One of the first roadside zomg-look-at-the-scenery pullouts at the northern end of Cape Disappointment State Park happens to overlook a wonderful example of what happens when sediment fills in the sea round a sea stack. Can you spot it?

Image is looking out to sea. In the foreground are trees, some snags, and a knob of rock. Beyond it is a flat area covered with vegetation and a strip of sandy beach beyond.

Lonely Sea Stack is Lonely

This is the result when a nice, hard stack of basalt (in this case the Eocene Crescent Formation basalt) ends up in a sea of sediment instead of a sea of saltwater. Poor thing is now stuck inland. The only time it’ll be a stack again is either during a tsunami or if sea level rises.
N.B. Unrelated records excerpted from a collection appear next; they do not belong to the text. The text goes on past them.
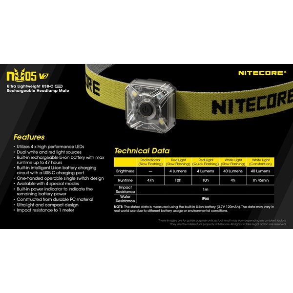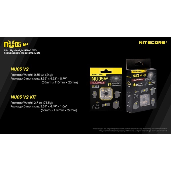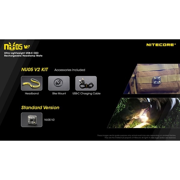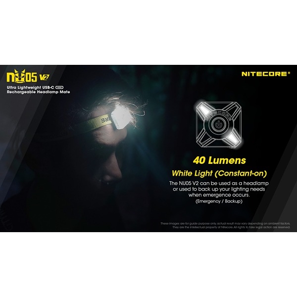 Produkt:  Nitecore NU05 V2 KIT Uppladdningsbar Lampa för bl.a. Ryggsäck och Cykel, Inkl. Tillbehör
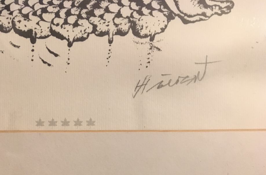 Potpisana grafika čuvenog hrvatskog slikara Hrvoja Šercara. Uokvireno i ostakljeno. Dimenzije s okvirom su 38x30cm.
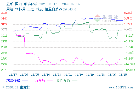 注: 1、从2025-11-17 至 2026-02-15期间,豆粕主力基差最大值为456.00,最小值为15.00。
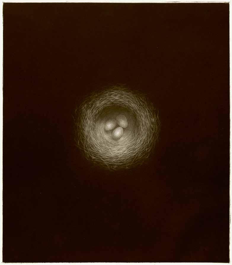 Det dype, myke, nesten lodne mørket som omgir redet i bildet Rede fra 2017, er det bare mezzotinten som kan få fram. Det svarte får en helt særegen stofflighet og dybde i dette mediet, noe som er tydelig i bildet, hvor redet nesten svever i mørket. Redets sirkelformede, intime sfære står i kontrast til det betrakteren opplever som et uendelig mørke. Komposisjonen er enkel, med redet sett ovenfra og plassert i bildets sentrum. Synsvinkelen forsterker opplevelsen av at redet omslutter og skaper et beskyttende rom for de sårbare eggene. Bildet har en komposisjon som i kunsthistorien ofte fins i religiøse motiv, og det er ikke unaturlig å tolke bildet som et uttrykk for livets under. Lyset i det store mørket bidrar til denne opplevelsen og gir bildet en karakter av et refleksjonsobjekt.
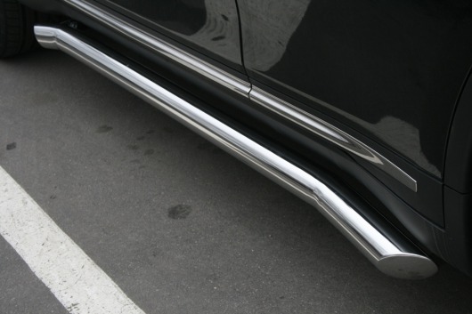 Пороги на Infiniti FX 35, FX 50 – это боковые подножки из нержавеющей стали диаметром 76 мм, которые позволяют более комфортно входить и выходить из салона автомобиля. Подножки Infiniti FX 35 и FX 50 очень прочные, надежные и долговечные: они не боятся коррозии, сколов и царапин и выдерживают большие нагрузки.
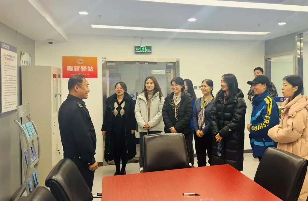 在服务大厅,大家共同参观了外卖配送员“暖新驿站”。站内饮水机、微波炉、充电设备、休息座椅等设施一应俱全,这里不仅是骑手们“冷可取暖、热可纳凉、渴可喝水、累可歇脚”的温馨港湾,更是他们“充电赋能”的精神家园。
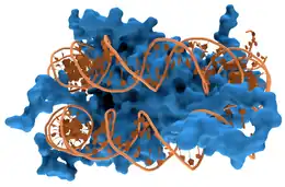 Compared to B-DNA, the A-DNA form is a wider right-handed spiral, with a shallow, wide minor groove and a narrower, deeper major groove. The A form occurs under non-physiological conditions in partly dehydrated samples of DNA, while in the cell it may be produced in hybrid pairings of DNA and RNA strands, and in enzyme-DNA complexes.[54][55] Segments of DNA where the bases have been chemically modified by methylation may undergo a larger change in conformation and adopt the Z form. Here, the strands turn about the helical axis in a left-handed spiral, the opposite of the more common B form.[56] These unusual structures can be recognized by specific Z-DNA binding proteins and may be involved in the regulation of transcription.[57]
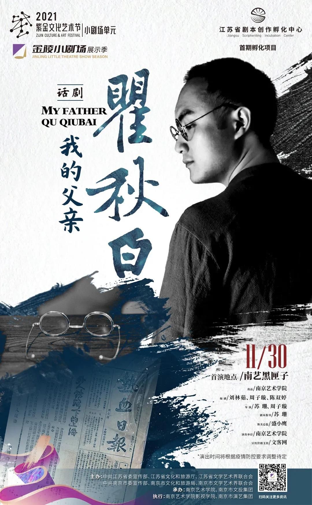 11月30日,“七一勋章”侨界获得者瞿独伊原型话剧《我的父亲瞿秋白》在南京艺术学院上演。省侨联副主席艾卉、省侨联二级巡视员李发勇及部分机关工作人员观看了演出。

Image shows a closer view of the top of the former sea stack, which has grown a mantle of moss, grass, and possibly a tree.

Let’s Call it Broody.

There’s probably some technical term for these things. I thought it was “knocker,” but that seems to only refer to knobs of rock within a melange. And my brief attempt to wrestle an answer out of Google was non-successful. Who here knows what they’re technically called?

If there is no technical term, I call dibs on calling them “broodies,” just in case that catches on.

Comments

  1. Trebuchet says

    Not all that far north of there, near Tokeland, a whole lighthouse and small community were washed into the ocean at the north side of the entrance to Willapa Bay. The sea giveth, and the sea taketh away.

    The Gray’s Harbor Lighthouse, in Westport, is now about a mile from the sea after having been built pretty much right on the beach.

  2. Trebuchet says

    Forgot to add: The broodie is cool. At least it’s not pinin’ for the fjords.

  3. lyle says

    A coast with cliffs is an emergent coastline (which most of the US west coast is). For one reason or another sea level is dropping relative to the land. Old sea cliffs and beaches rise above the level of the water and are left So you had uplift which allowed the sediment to fill in. Sea Cliffs Arches etc are signs of an emergent coastline. Consider the SE US as a submergent coastline with big estuaries (for example Chesapeake Bay is really the Susquehanna river valley with the Potomac, James, etc rivers as tributaries) , flat etc. (here relative sea level is rising).

  4. Trebuchet says

    @4, lyle:
    So apparently, the whole country is tilting to the right! And the biggest AGW deniers will be the first to be flooded.